I made some mulberry jam a few days ago, and mum thought of the dessert she had in Shanghai before.
It was made with Dioscorea opposita (nagaimo, Chinese yam, Korean yam) and some fruit jam, she liked it very much as it was very nice and crunchy.
Coincidently the same day when we shop for our grocery at the local supermarket, we saw that the workers were busy displaying the fresh nagaimo/Chinese yam! We immediately bought two to try out this recipe!
Nagaimo/Chinese Yam 1 stick （around 800 gm）
Mulberry jam as you like （around 1/4 cup）
50 gm of rock sugar
a pinch of corn/tapioca starch
This Mulberry Jam was made few days ago
Peel Nagaimo and cubed it into about 1 inch thick, this way it will give the best crunchiness, I feel.

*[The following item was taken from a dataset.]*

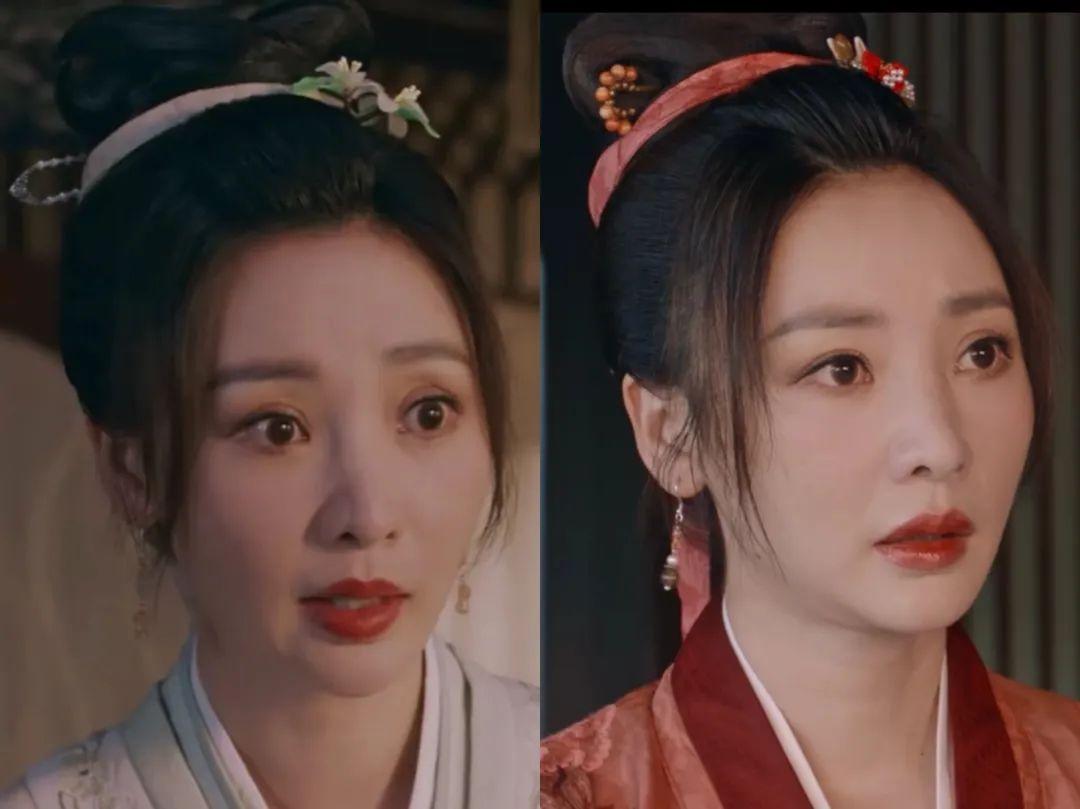 因为饰演的角色年纪较大,她的妆容较浓,尤其是唇妆,常常是较浓郁的枫叶色,头上还束了发带,比较符合她成熟妇人的人设。

Note：it is better to wear a disposable glove when you work on nagaimo, the sticky mucilage substance from this yam could make your skin real itchy.
Steamed the cubes in a steamer for about 10 minutes, DO NOT over cook the nagaimo, it will become mushy otherwise. Keep the cooked nagaimo in the fridge to chill.
In a small sauce pan, pour in about 1/3 cup of water, bring to boil and add the rock sugar to cook until all dissolve. Use some water to mix the corn/tapioca starch, and add them into the syrup, this will thickened the syrup just a little, thickened syrup stays better on the surface of nagaimo.
Let cold to room temperature.
Place the nagaimo cubes on a plate, topped with syrup and add some mulberry jam, your dessert is ready!